Les pompes ne sont pas populaires auprès des femmes parce que cet exercice a toujours le mythe que vous avez besoin de bras forts pour faire l'exercice correctement. En fait, les push-ups corrects sont l'interaction de différents groupes musculaires. Un abdomen, une jambe et un pomaculature forts sont particulièrement importants pour cet exercice car ils fournissent la tension corporelle nécessaire au mouvement. Normalement, les pompes doivent entraîner les muscles de la poitrine. Des études scientifiques prouvent, cependant, que les muscles du tronc sont spécialement formés à travers cet exercice. Pour les femmes, nous recommandons la version push-up sur les genoux ou les avant-bras. Dans la première méthode d'entraînement, vous ne vous étirez pas les jambes, mais vous marchez avec les genoux vers le sol, vous n'avez donc qu'à effectuer un mouvement ascendant et descendant avec vos mains. La deuxième variante est plus épuisante, mais entraînée à nouveau pour l'estomac, les jambes et les fesses. Pour cela, vous allez dans le push-up et mettez vos avant-bras sur le sol. Le push-up vous-même, mais maintenant avec les bras pliés, de sorte que vous n'avez pas besoin de beaucoup de force dans les bras. Une technique correcte de cet exercice ne peut être atteinte que si l'abdomen, les jambes et les fesses sont fortement tendus.
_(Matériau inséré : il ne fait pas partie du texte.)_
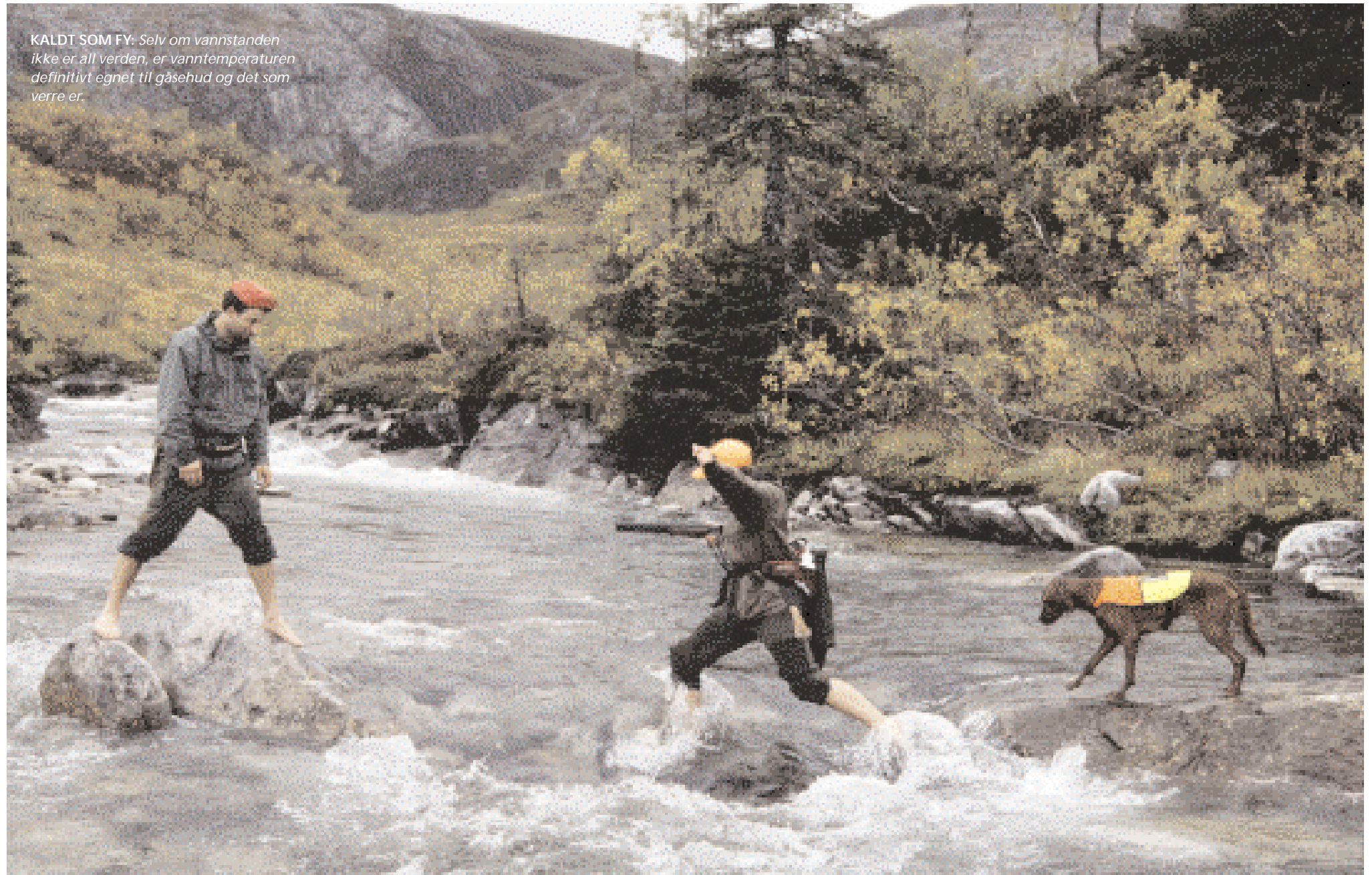
KALDT SOM FY: Selv om vannstanden ikke er all verden, er vanntemperaturen definitivt egnet til gåsehud og det som verre er.

10 exercices en 150 secondes

Mieux que tout gym

La formation à domicile a de nombreux avantages pour la femme active d'aujourd'hui. Le programme de formation peut être conçu individuellement et intégré dans la routine quotidienne. Des variantes d'exercice appropriées peuvent être facilement sélectionnées à partir d'Internet ou de l'application téléchargée. Il n'est pas nécessaire de disposer d'un équipement volumineux et spécial, et qui le souhaite personnellement, peut obtenir des conseils d'un entraîneur personnel en ligne. Peut-être que l'entraînement à domicile sera la tendance de demain.